10 fevereiro, 2006

"As aparências são o bastante"

Por Tiago Faria

Publicado originalmente no jornal Correio Braziliense.

O Vidiota

Livro: O Vidiota
Autor: Jerzy Kosinski
Artigo: "As aparências são o bastante"


Símbolo de uma época sem internet ou reality shows, Chance é um homem moldado pela televisão. Um sujeito que trabalha todos os dias, religiosamente, na manutenção de um modesto jardim - e gasta o restante do tempo diante de um aparelho de tevê. Memoriza o comportamento de personagens de ficção, imita os trejeitos das pessoas dos noticiários e, assim, cresce sem precisar aprender a ler ou escrever. Pior: sem a necessidade de viver experiências reais. Quando escreveu O Vidiota , lançado originalmente em 1970, o polonês Jerzy Kosinski não viveu para ver no que daria aquele planeta em que Chance morava. Em 1991, antes de completar 60 anos de idade, se matou em Nova York. A nova edição brasileira de O Vidiota (no original, Being there ) só faz revelar o quanto o livro ganhou novos sentidos com o passar do tempo. Hoje, interessa tanto como um retrato muito rico dos medos de uma época específica (e sobram ecos de Guerra Fria aqui e ali) quanto como uma parábola ainda atual que ataca com sarcasmo a mania de simplificação que pode até ter virado marca para os Estados Unidos, mas que serve de carapuça para qualquer uma entre tantas nações que copiam os trejeitos da cultura daquele país.

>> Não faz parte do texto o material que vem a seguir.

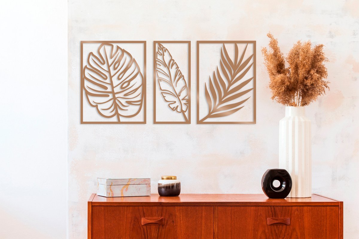 3 decorações de parede Leaf 2 - 80 x 38 cm - Dourado-rosa

Chance é o homem-chavão elevado ao posto de homem do ano.

Para quem conheceu esse personagem graças ao filme Muito além do jardim, que Hal Ashby dirigiu em 1979, a leitura do livro pode ser um eficiente corretivo para aquele Chance infantllizado, apalermado que, apesar da competente interpretação de Peter Sellers, está longe do homem de Kosinski. A televisão não é uma fonte de rejuvenescimento ou de inocência para o personagem, mas sim uma figura materna que o educa para se transformar em um cidadão de superfície, incapaz de sensações ou reflexões profundas sobre qualquer tema. O perturbador em Chance é como ele se mostra, quanto mais o leitor pensa conhecê-lo, uma pessoa oca em reações espontâneas, em idéias, em emoções. Essa talvez seria uma pílula amarga demais para um filme de grande estúdio engolir.

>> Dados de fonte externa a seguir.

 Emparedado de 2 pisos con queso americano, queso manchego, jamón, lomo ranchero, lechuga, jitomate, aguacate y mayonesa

Narrado na forma de uma parábola objetiva e seca, o livro apresenta uma situação extraordinária - a história de um homem que precisa sair ao mundo depois de uma vida inteira de confinamento - como uma sucessão de anticlímaxes. Chance (que anda a todo tempo ao lado do acaso) não sofre diante de um mundo muito diferente daquele em que vive. Pelo contrário: ele aprende tudo na televisão, e isso é o suficiente para que ele se saia muito bem na sala de estar de homens poderosos, de chefes de estado. Em pouco tempo, ocupará a posição de convidado de honra em um encontro com o presidente dos Estados Unidos.

Diante de gente importante -economistas, estadistas -, Chance dispara frases ralas sobre flores, árvores e raízes. Elas são interpretadas como metáforas geniais para a condição do país. Quando convidado para um programa de tevê (a glória máxima, para o personagem), faz um povo inteiro se emocionar ao tecer relações entre a crise financeira e jardins que perdem a cor para brilhar na próxima estação. É aplaudido por norte-americanos e soviéticos. Mas, para Chance, que importância tem tudo isso? Diante da mulher chique que o recebe e tenta conquistá-lo com lingerie em uma noite romântica, só consegue dizer um eu gosto de olhar para você. Uma folha em branco, Chance pode também ser usado como uma perfeita figura política - sem contravenções anteriores, sem passado, uma imagem unidimensional e agradável. Em 1970 ou em 2005, O Vidiota incomoda como um olhar triste para uma América que se recusa a sair da borda e dar o mergulho.